US Commodity Futures Trading Commission likely to okay NSE for derivatives

The National Stock Exchange (NSE) is close to receiving US regulator Commodity Futures Trading Commission's (CFTC's) approval that will enable a class of hedge funds deal on its derivatives platform.

Sources privy to the development said the exchange has already completed the formalities pertaining to the process and is expecting a 'no-action' letter from CFTC in the next few weeks.

The development would give a green light to US-based hedge funds, who currently opt for offshore platforms such as Singapore Exchange (SGX) to deal in Indian derivatives.

According to the US laws, funds which pool substantial amount of money from US citizens are allowed to invest only in derivatives that are approved by the CFTC.

The license-called 'foreign part 30'-allows exchanges and entities situated outside US to solicit and accept orders from US-based funds.

NSE had applied for the license more than three years ago, however, not much progress could be made before 2017 as Indian market regulator the Securities and Exchange Board of India (Sebi) did not have any information sharing agreements with the US regulators. Late last year, Sebi had signed a pact with US regulator Securities Exchange Commission (SEC) under the International Organization of Securities Commissions (Iosco) protocol.

"Most of the hurdles were cleared once the information sharing agreement between Sebi and SEC came in effect. The license will help India attract more US-based institutions to participate in India derivatives. We had extensive meetings with the CFTC officials in the last few months and are expecting the final approval very soon," said a source.

The development couldn't have come at a better time as Indian market regulator and intermediaries are making efforts to contain the export of Indian trading and also deepen futures market.

Also, the license was not typically a top priority for the Indian exchanges until recently. Since US hedge funds were not allowed to deal directly in Indian futures, they were using offshore destinations such as SGX to trade in Index futures. Those investors who wanted exposure to single stock futures used participatory notes (p-notes) to take an indirect exposure. 

In the final lap 

*  SENSE is in final stages of receiving CFTC’s licence that would allow US hedge funds to deal with Indian derivatives 

* The licence will allow several large-ticket US hedge funds who have been using offshore routes such as SGX to directly trade in Indian F&O 

* The development will help NSE to attract more big-ticket US investors to India and deepen domestic F&O market 

* The licence was stuck for several years as there was no information-sharing agreement between Sebi and US market regulators 

* Last year, Sebi signed the agreement with US SEC under Iosco Protocol

However, both the routes are no longer available for foreign investors. Last month, Indian stock exchanges terminated all the data sharing agreements with the foreign bourses. In other words, offshore exchanges will no longer be able to offer contracts based on domestic securities once the notice period ends in August. Earlier, Sebi had banned p-notes subscribers from investing in Indian derivative markets for any purposes other than hedging.

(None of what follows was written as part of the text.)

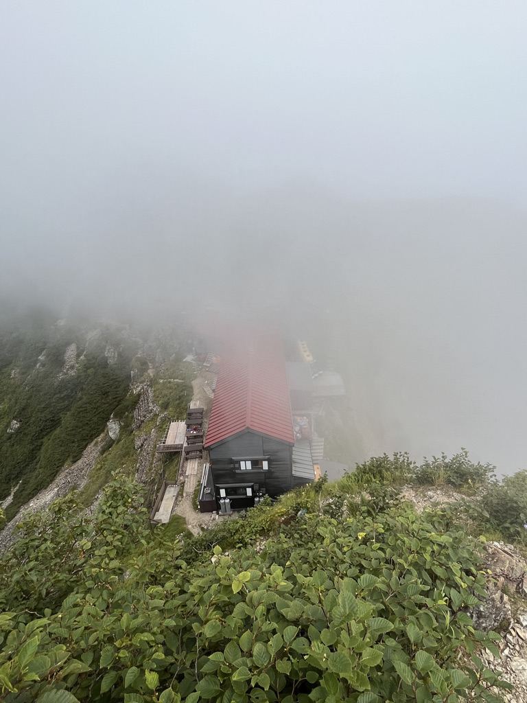 10時45分、キレット小屋に到着。少しの安堵感とともに、振り返ると自分が通ってきた道が遠くに見えた。その瞬間、「僕はここを超えたんだ」と確信し、克服の喜びが心に満ちた。

Interestingly, NSE's rival BSE is not far behind in the pursuit. Sources say BSE had applied for the same license already. It is also learnt that BSE is pursuing an advanced CFTC license which will also allow the exchange to set up its commercial terminals in the US.

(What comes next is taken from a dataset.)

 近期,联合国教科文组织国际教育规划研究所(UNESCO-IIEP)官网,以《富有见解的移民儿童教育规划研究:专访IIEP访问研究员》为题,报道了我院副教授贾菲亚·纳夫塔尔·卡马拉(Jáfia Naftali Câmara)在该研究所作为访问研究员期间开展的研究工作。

Unlike India, the US market has dual regulator system wherein SEC largely controls equity space while commodities and derivatives are largely regulated by CFTC. Until 2002, single-stock futures were banned in the US markets. Subsequently, the US government allowed US-based funds to invest in single stock futures, both domestically and internationally, and the segment was brought under CFTC's purview.

In the aftermath of the Lehman crisis, the US government had constituted the Dodd-Frank committee to prescribe curbs on excessive risks taken by US banks and hedge funds. In line with the recommendations, the US markets regulator SEC, in collaboration with CFTC, brought a new framework of restrictions on the investments made by hedge funds in derivative markets.